Exercise description: Given the entries below, would you transcribe exactly the lines starting at the one with "Standardni set (toaletne" and ending at the one with "grillowany stek łososiowy", both kept, pictures omitted, nothing extra?

Recorded data:
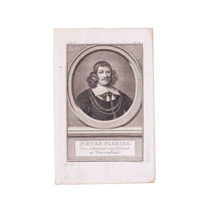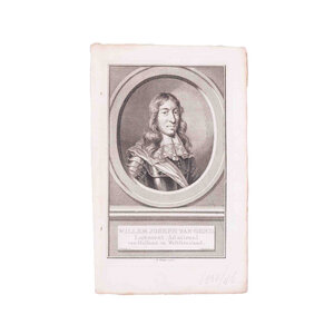 Prent 'Pieter Florisz' (Monnickendam, 1602 of 1606 - Slag in de Sont, 8 november 1658), Vice-Admiraal van Hollland en Westvriesland; Prent 'Willem Joseph van Gend' (Winssen, 14 mei 1626 - Slag bij Solebay, 7 juni 1672), Luitenant Admiraal van Holland en Westfriesland; Prent 'Abraham van der Hulst' (Amsterdam, 11 april 1619 - 12 juni 1666), Vice-Admiraal van Holland en West-Vriesland; Prent 'Gerard Kallenberg' (1642-1722), Luitenant-Admiraal van Holland en Westfriesland; Prent 'Egbert Meeuwzoon Kortenaar' (Groningen ca.1604 - bij Lowestoft 13 juni 1665), Luitenant-Admiraal van Holland en Westfriesland; Prent 'Aerd van Nes' (Rotterdam, 13 april 1626 - Rotterdam, 13 of 14 september 1693), Luitenant-Admirael van Holland en Westvriesland; Prent 'Isaak Sweers' (Nijmegen, 1 januari 1622 - 21 augustus 1673), Vice Admiraal van Holland en West-Vriesland. Gravures van Jacob Houbraken. De prenten zijn zwart-wit. Datering: ca. 1749-1760. Conditie: De prenten vertonen sporen van ouderdom. Verkleuring, vlekken en kleine beschadigingen aan de randen. Afmetingen beeldvlak prenten: ca. 17 x 10 cm.
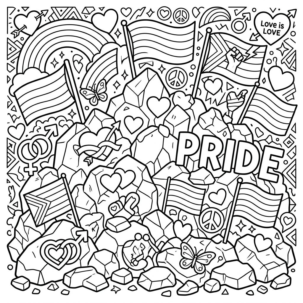 Step into a world where frosty landscapes meet vibrant celebration with our 'Pride Hail Drifts' coloring page. This intricate design features a dynamic pile of stylized boulders, representing the unique concept of hail drifts, meticulously detailed to offer a satisfying challenge for teen colorists. Each rock formation is adorned with a rich tapestry of symbols – from waving Pride flags and majestic rainbows to intertwining hearts, peace signs, and gender symbols – all inviting your artistic touch.
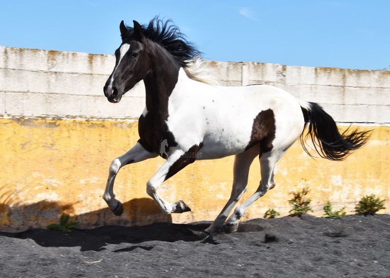 caractère doux, longé avec selle et bridon, monté, couleur spéciale, bonnes allures, origine : los Retamales, Ferrer Rovira, Miura www.elegante-andalusier.com
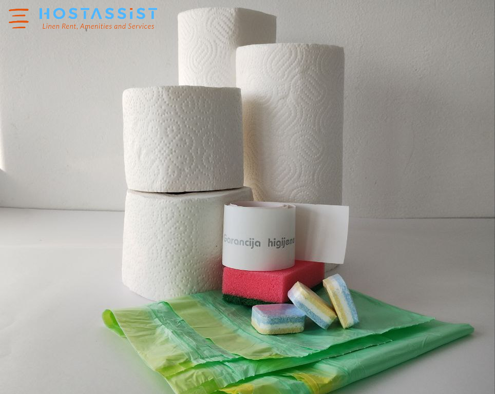 Standardni set (toaletne i kuhinjske potrepštine i pribor) za apartman. Sve sto je potrebno kod svake smjene gostiju.
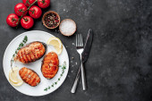 grillowany stek łososiowy ze składnikami nad nożem mięsnym na kamiennym tle
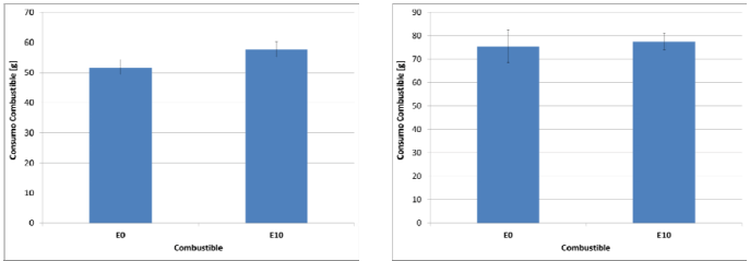 El gasto de combustible entre el E10 y E0 es más notoria para el motor con carburador a baja carga, con un valor del 11% de diferencia, seguido por el sistema de inyección con un 8,07% de diferencia.
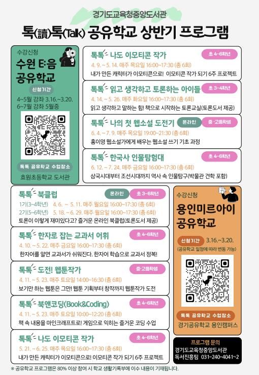 (아름다운교육신문) 경기도교육청중앙도서관이 학생들의 창의적 사고력과 진로설계 역량을 강화하기 위해 4월부터 7월까지 녪년 상반기 톡(讀)톡(talk) 공유학교’를 운영한다.
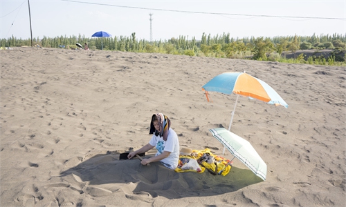 Visitors flock to enjoy sand therapy in Turpan City in Northwest China's Xinjiang, which is known for its scorching heat, as the city has recently seen surface temperatures surging to as high as 80 C at the Flaming Mountain scenic area.
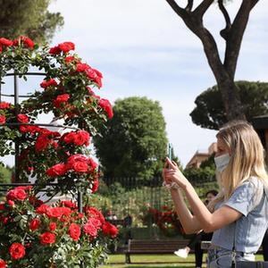 5月17日,人們在意大利首都羅馬玫瑰園游覽。
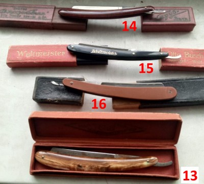 Так как последние 3 года я вообще не следил за ценами на рынке, прошу корректировать ценники, если я некорректен в ценообразовании. Фото делал родственник, далёкий от темы бритья клинковой бритвой. Поэтому всем бритвам присвоил номера и краткое описание из того, что помню сам. При наличии интереса к покупке - попрошу человека открыть бритву и сделать подробные фото со всех сторон.
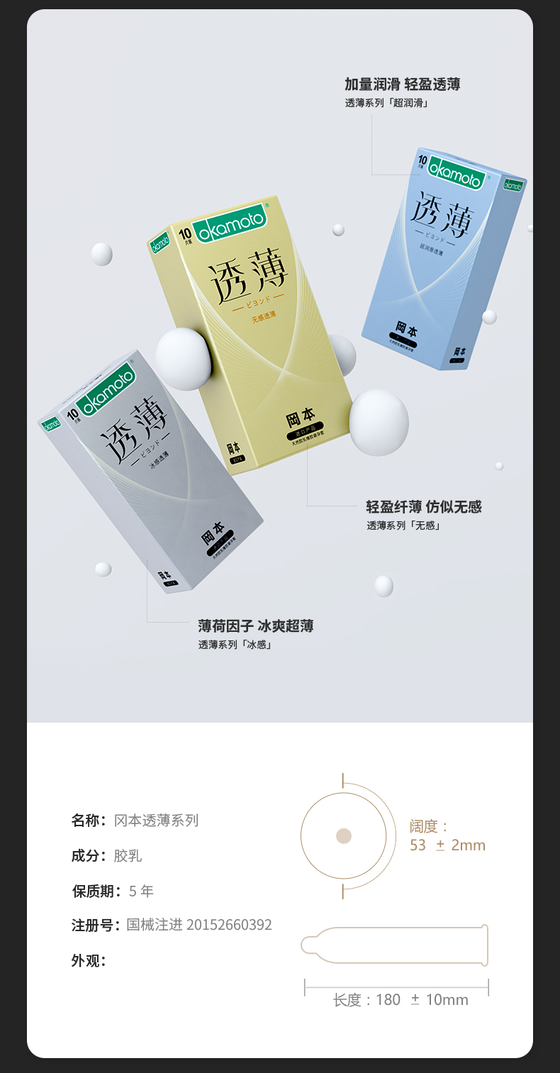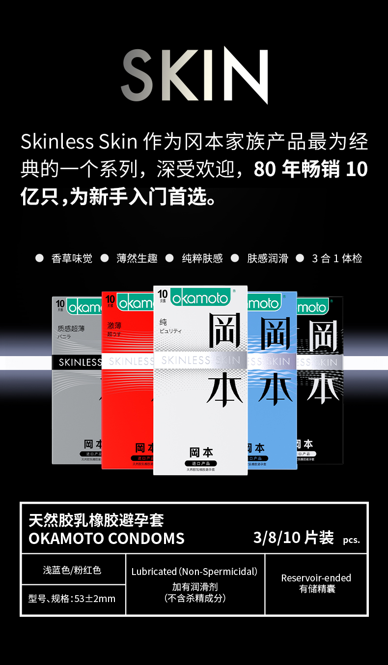 冈本SKIN系列安全套由冈本株式会社泰国全资工厂生产,是冈本系列产品销售数量最多的系列产品,SKIN系列秉承了冈本产品轻薄、柔软的热点。
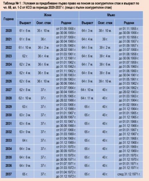 Условията за придобиване първо право на пенсия за осигурителен стаж и възраст според датата на раждане на съответното лице както за миналата и настоящата, така и за следващите години, са показани в таблицата по-долу.

Exercise result:
 Standardni set (toaletne i kuhinjske potrepštine i pribor) za apartman. Sve sto je potrebno kod svake smjene gostiju.
 grillowany stek łososiowy ze składnikami nad nożem mięsnym na kamiennym tle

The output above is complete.